Again, I don't necessarily support the approach, but I can see that it might be viewed as good practice by management on occasion.


----------



## John Rambo (9 May 2008)

At a recent enough job interview I was asked this question and my reply was 'Well, my present salary is X (inflated by 10%) and people don't generally move for less money so that would be my position on salary'. I was offered the position so it worked for me.


----------



## Orga (9 May 2008)

As a slightly different view and as an employer I would suggest you try this tack: DON'T speak about salary. Refuse to engage on the matter. The purpose of the interview is to ascertain whether or not you are the best candidat, not whether your are the best value candidate. 
So, when asked "What are your salary expectations?" You should answer "I'm interested to take on the challenge presented by this position and to work with your company/organisation.outfit/mob. I believe that I bring the following skills/competences/etc to the role. If you decide that I'm the best candidate for the position following this interview then I'd certainly be delighted at that time to consider the full range of any offer including the salary element that the company might make."

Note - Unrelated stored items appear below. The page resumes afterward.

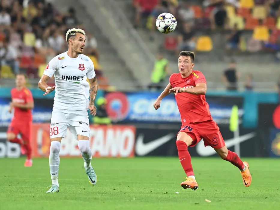 Raul Marian Oprut si Vadim Rata in meciul de fotbal dintre FCSB si FC Hermannstadt, contand pentru Superliga Superbet, desfasurat pe Arena Nationala din Bucuresti, duminica 28 august 2022. © FOTO:Razvan Pasarica/SPORT PICTURES
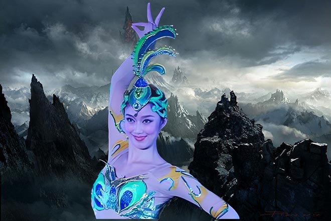 只见半空中五座山峰悬空而浮,山峰仙雾缭绕,在夕阳下折射出满目的霞光。五座山峰各有一白玉造成的长桥连着中间一处百余亩大小的平地。
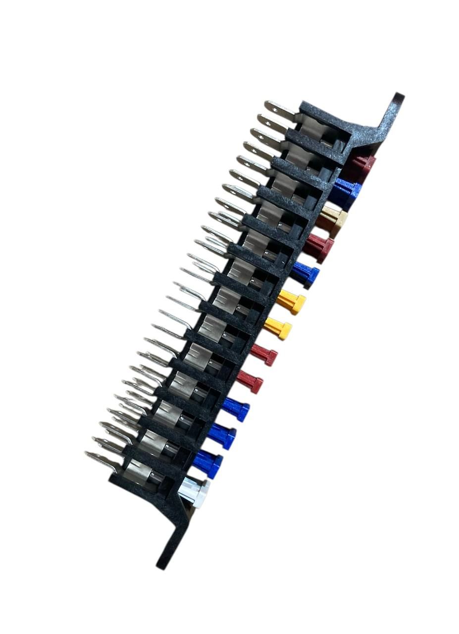 Блок запобіжників укомплектований запобіжниками ножового типу та призначений для захисту електричних кіл автомобілів при перевантаженнях та коротких замиканнях.
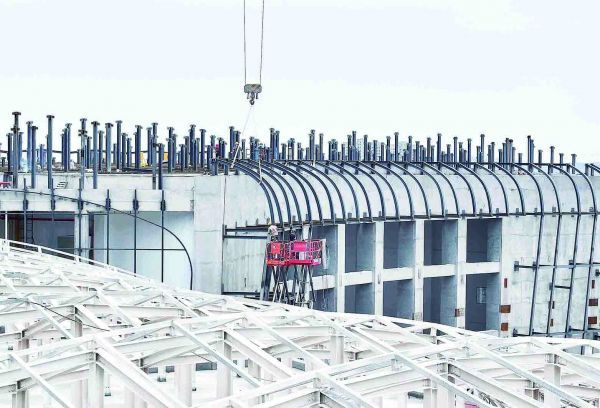 12月18日,荆门高新区·掇刀区文化体育中心项目工地上,工人正在安装主体工程外墙的造型结构。该项目为全市重点民生工程之一,建设内容包括文化中心、体育中心场馆、室外球场、市民广场等配套设施。(记者 张彩云 摄)
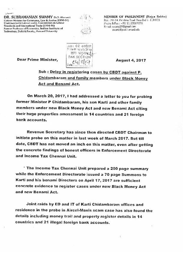 In a letter written to Prime Minister Narendra Modi on 4 August, Member of Rajya Sabha and Bharatiya Janata Party (BJP) leader Subramanian Swamy has accused officials of the Central Board of Direct Taxes (CBDT) as well as those from the Finance Ministry of trying to ‘save’ former union minister P Chidambaram and his son Karti Chidambaram.
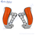 Pendientes de plata esmaltada en naranja con circonitas cúbicas | Joyería para mujer
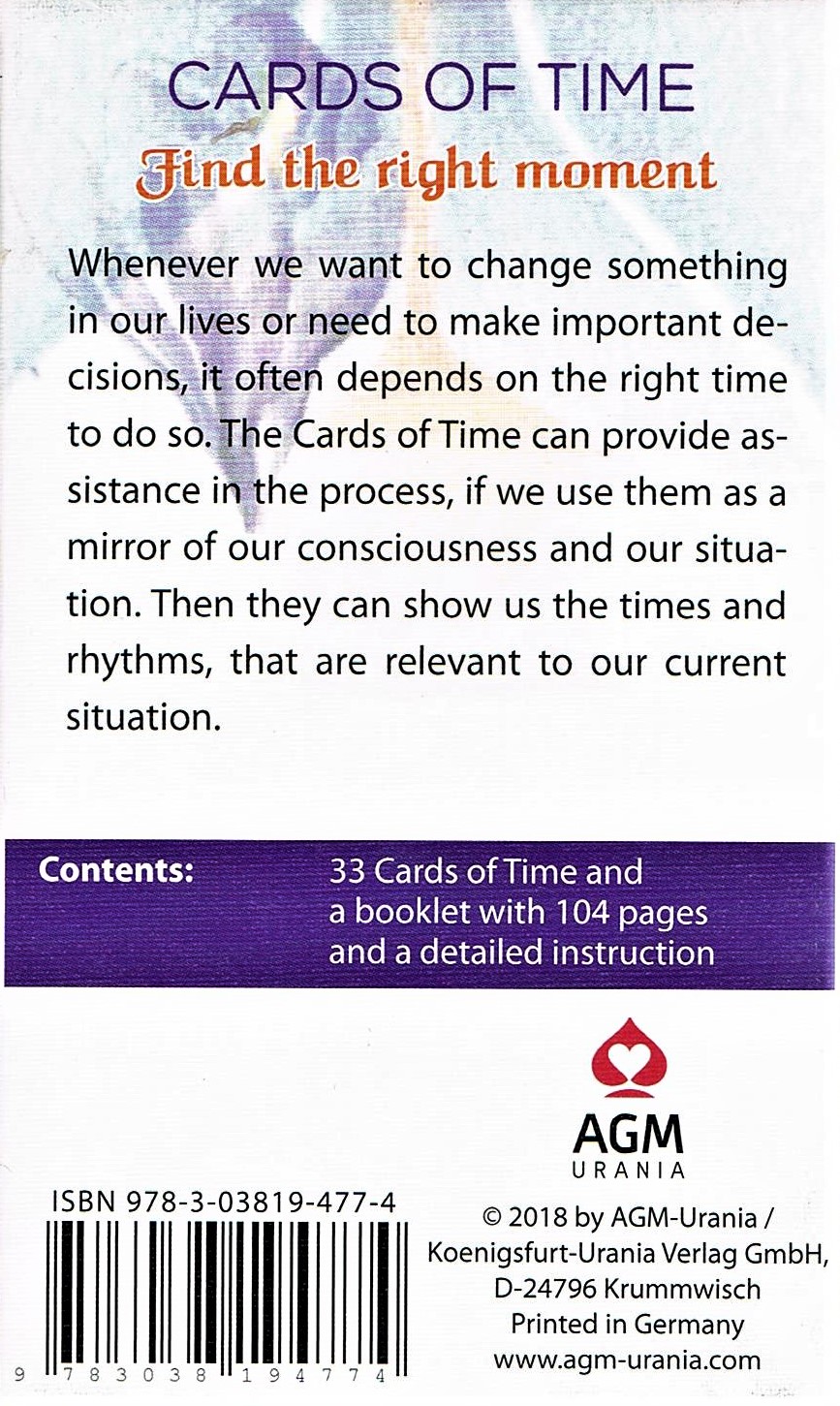 Whenever we want to change something in our lives or need to make important decisions, it often depends on the right time to do so. The Cards of Time can provide assistance in the process, if we use them as a mirror of our consciousness and our situation. Then they can show us the times and rhythms, that are relevant to our current situation.The perfect companion cards for all kind of readings; Tarot, Lenormand or Kipper!
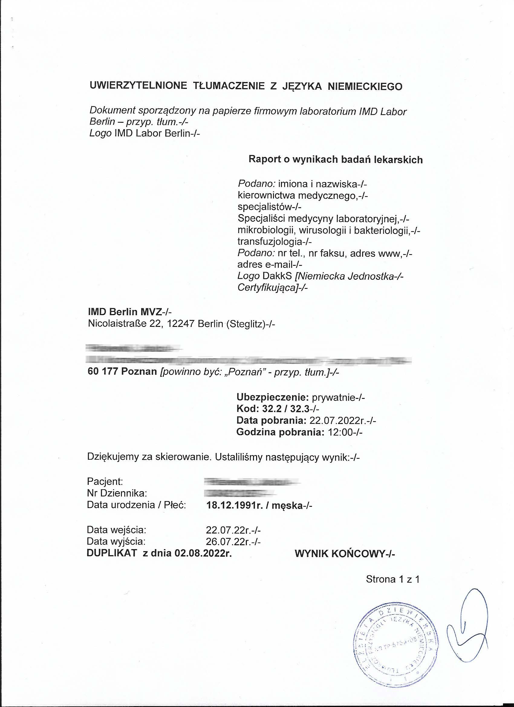 W organizmie mężczyzny, w badaniu z dnia 22.04.2024 widoczny poziom ATP w granulocytach wynosił 0,254nmol , po 2 miesiącach terapii preparatem, poziom ATP wzrósł do 0.522nmol czyli o 105,5%.
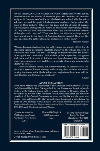 Ninety-one letters, ethical wills, bar mitzvah speeches, and other personal records are presented in chronological order following an interpretive essay on the ethical aspirations of American Jewry.
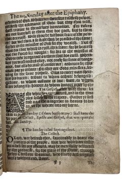 To contain: The Booke of Common Prayer (presumed), With The Psalter or Psalmes of David (1615), Imprinted at London by Robert Barker, and The Whole Book of Psalmes: Collected into English meeter by Thomas Sternhold, John Hopkins, and others (1621). Register runs [4] B-Z8, Aa-Hh7 through the first two books, these sections lacking L5-L8, T2 and T7, with two additional leaves included after D8. The Whole Book of Psalmes has its own register, running from A-K8, lacking I1-I3, I6-I8, with leaf K1 bound incorrectly. With charming contemporary ink notations to the front paste down and dotted throughout, of Robert Watts, who owned the book in the early 17th century, before passing it on to Dorothy Watts, John Lowey, John Twentyman, and others. (1)
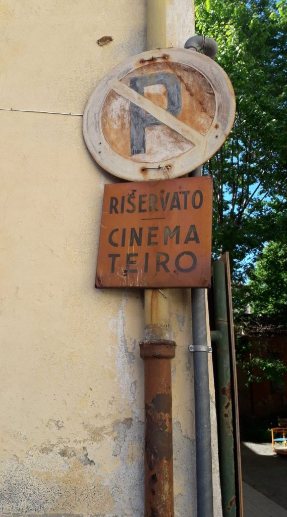 Il Cine Teiro e l’omologo estivo all’aperto, era ricavato in uno spiazzo sottostante il viadotto ferroviario, che scavalca l’alveo del Teiro, dove ora c’e’ il parcheggio della Conad.
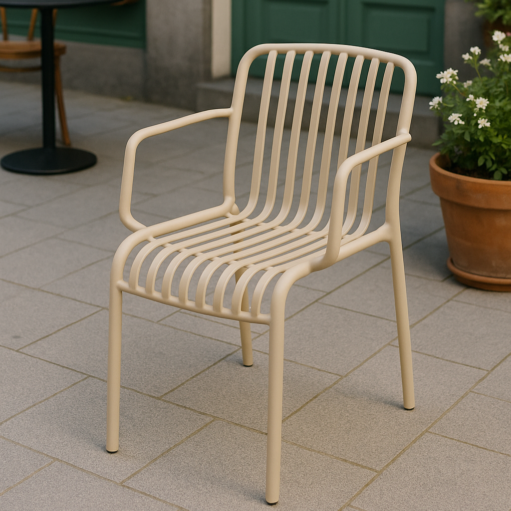 כסא אירוח למשרד או למרפסת, גוף פלסטיק בצבע קרם ,נס קפה עם ידיות
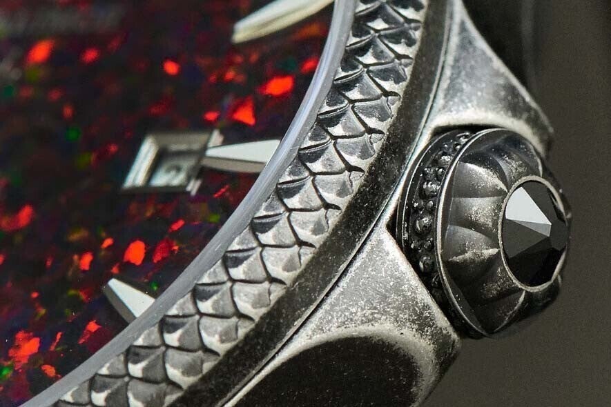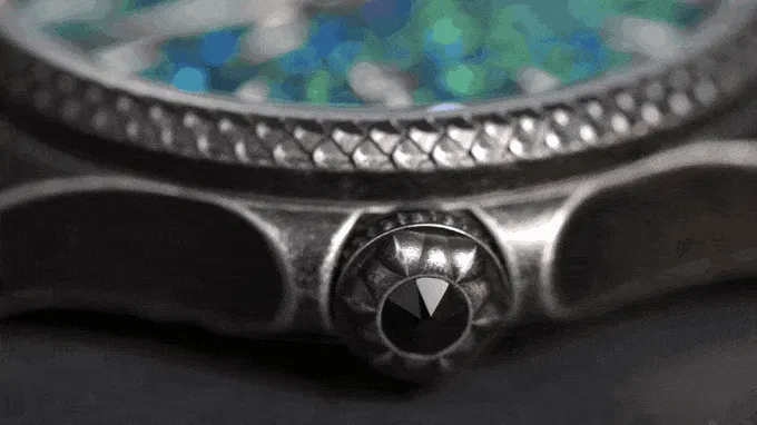 目を奪う輝きを誇るスワロフスキークリスタル(ブラック)をリューズに使用することでアーサー王の王冠の輝きを表現しています。
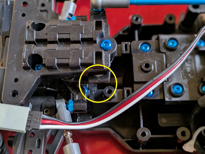 ステアリングロッドの取り付け方法も変更、サーボ側を下から取り付けるようにしました。ステアリング側は無理。
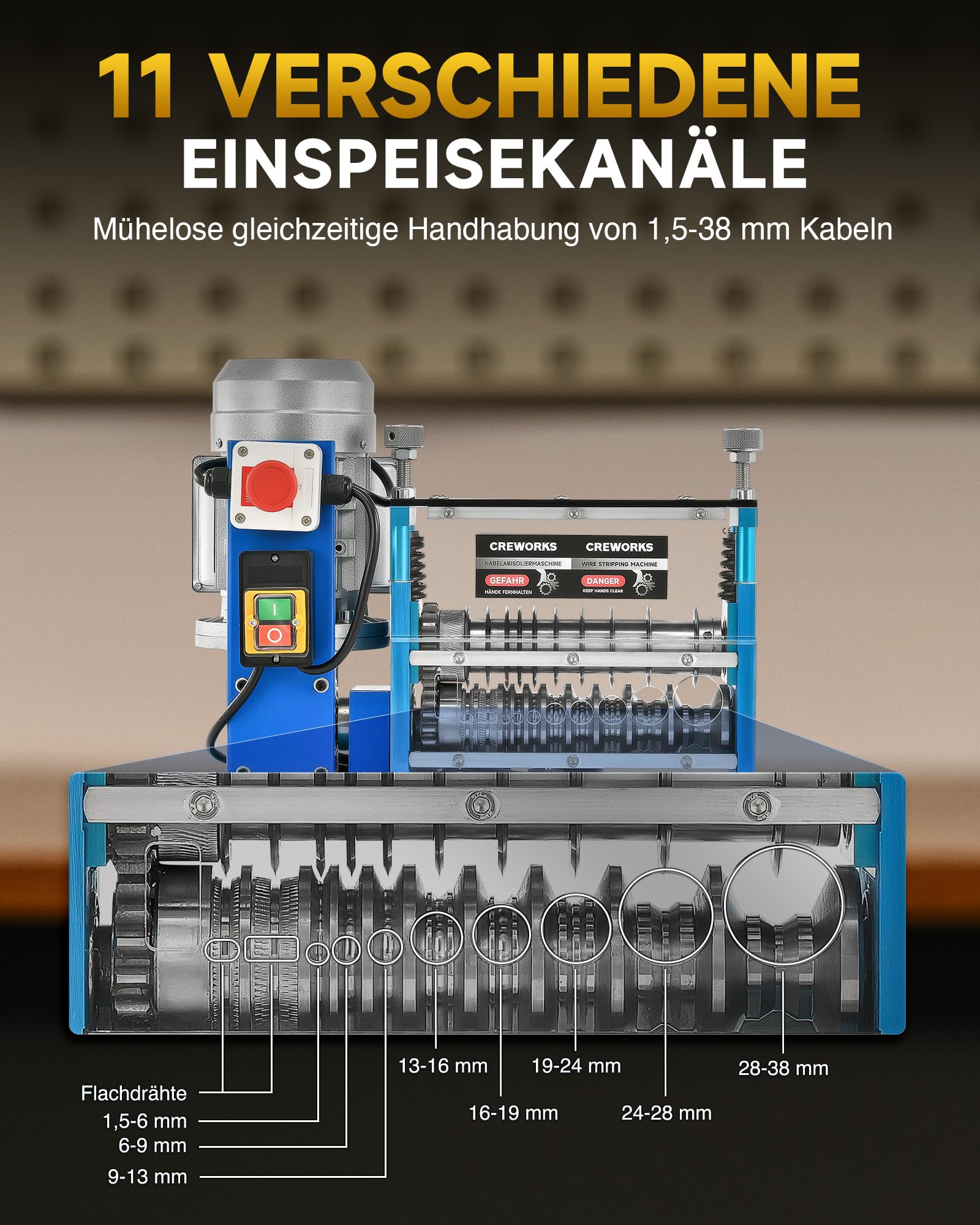 CREWORKS Electric Wire Stripping Machine 370W Cable Peeling Machine Wire Stripper Tool 11 Holes 10 Blades 1.5-38 mm Wire Stripping Peeling Machine

remember it's a negotiation even in the interview! So, don't show your hand! A good interviewer will think - this person knows what they are at - and will ask again "Can you give an indication of what you might expect?" At this point you MUST answer "Should you see that my skills (and name your skills) provide the best fit for this job then I'd be happy to engage in an open manner on any offer that the company might make at that time but at this point I simply wish to prove to you that I'm the best candidate with the experience of (name the experience) to do this job the best." ON this one if you blink you lose. They will not refuse to give you the job on the basis of you refusing to provide them with your current salary details.


----------



## joejoe (12 May 2008)

In an interview I asked the question first, "have you got a salary range in mind for the position?" 

I got offered the job.

Joejoe


----------



## MandaC (16 May 2008)

Just to update.  Had the interview.  Was going well.  Hours longer than I am on. Ok, not that much, but still longer.  Towards the end, asked what salary I was on.  Told them (the truth) no add on's, etc.  They told me what the salary was for the postion.  Some €10K less than my current basic.   Asked how would I feel about that?  Because they would hate to invite me for second interview and waste all our time, ie, your time, but more importantly our time.  I said, I dont know how you value your time or why you think it any more valuable than mine?   (Maybe a bit more flowery than that, but still said it)

Ah well, back to the drawing board.


----------



## max (17 May 2008)

A sweet reply mandac


----------



## Orga (17 May 2008)

Ouch, strikes me they asked you a response question, they weren't making a salary offer but were testing your capacity to stay cool even when it looks like things not going your way. Good luck with the next one!


----------



## ClubMan (17 May 2008)

MandaC said:


> I said, I dont know how you value your time or why you think it any more valuable than mine?


I presume you decided that you didn't want the job/salary before insulting the interviewers in this way?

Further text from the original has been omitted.